Motswana politician (born 1938)

David N. Magang (born 1938) is a Botswana lawyer, businessman and politician. Trained at the University of London, he was the first Botswana native to open a private law practice in the nation. A member of the ruling Botswana Democratic Party Magang was Member of Parliament for Kweneng East/Lentsweletau Constituency from 1979 to 2002.

Magang was also Governor of the African Development Bank from 1989 to 1992. After leaving government Magang became a successful property developer, creating the upper class Gaborone suburb of Phakalane. He wrote a successful and controversial 2008 autobiography The Magic of Perseverance.

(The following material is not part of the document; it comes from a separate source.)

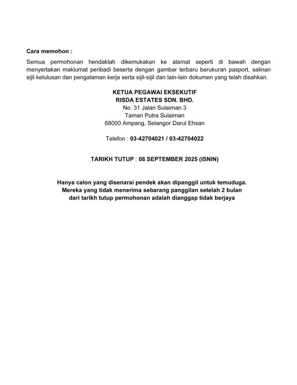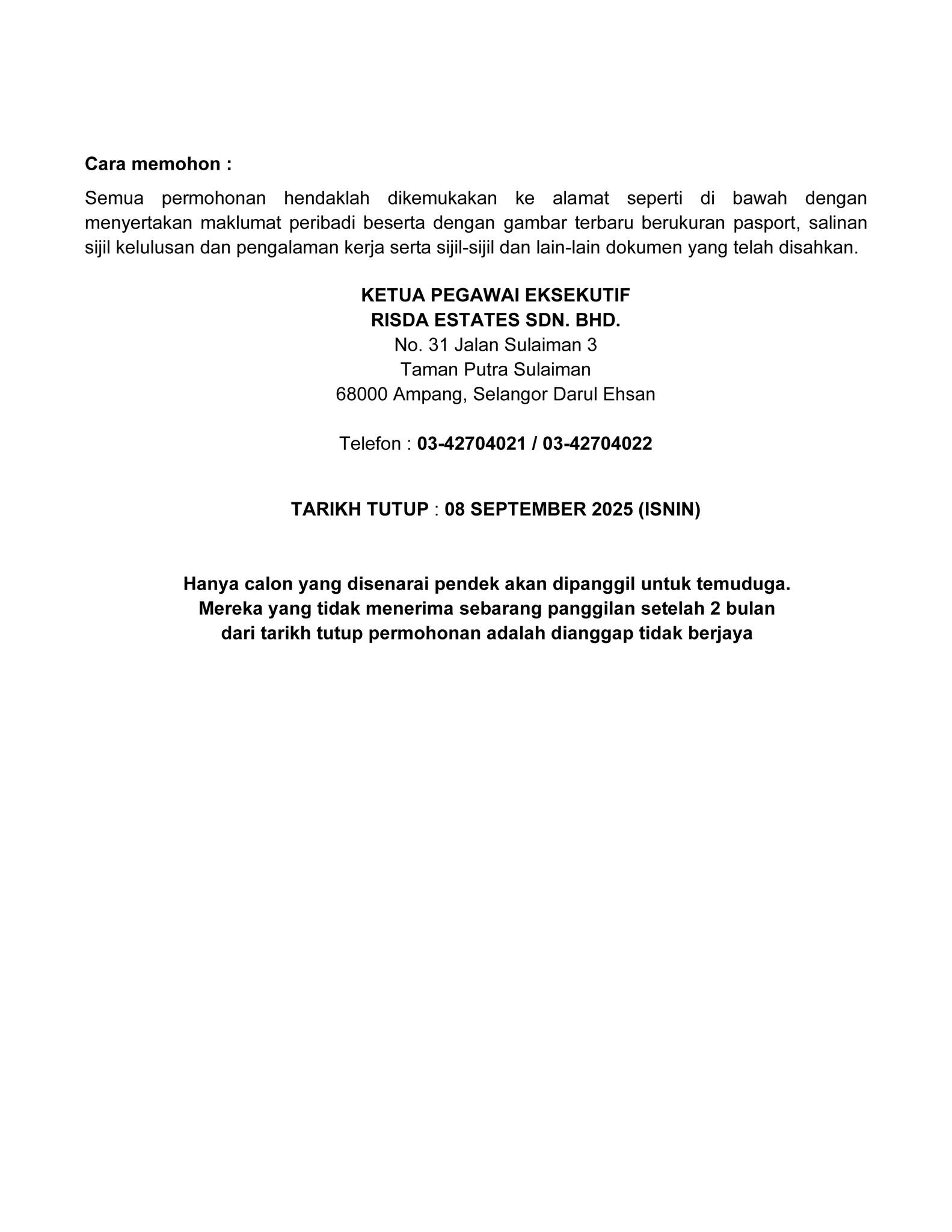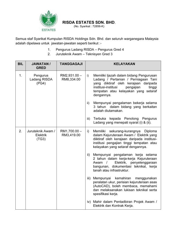 Iklan Kini Jawatan Kosong RISDA Estates Sdn Bhd Like serta Ikut Facebook Kami, follow Chanel WhatsApp Jawatan Kosong & Telegram Portal SPA9 untuk capaian pantas kekosongan jawatan daripada kami sekarang.

In 2012, American journalist, Peter Musurlian of Globalist Films, completed an Emmy-winning documentary on Botswana, which he shot in December 2002. David Magang was instrumental in many of the shoots in Botswana and he was featured throughout the film, which aired in Burbank, California and is available on YouTube.

== Rankings ==
He held a number of high-ranking ministry portfolios under presidents Quett Masire and Festus Mogae, including Minister of Mineral Resources and Water Affairs (1994–97) and Minister of Works, Transport & Communications (1992–94, 1998–2001).

== Education ==
Trained at the University of London.

== Family life ==
David Magang married his wife, Dorcas in 20 December 1969 and together have three children, two sons and one daughter.The First born being Lesang, then Thola and lastly Bonang.

== Achievements ==
After leaving government Magang became a successful property developer, creating the upper class Gaborone suburb of Phakalane. He wrote a successful and controversial 2008 autobiography The Magic of Perseverance.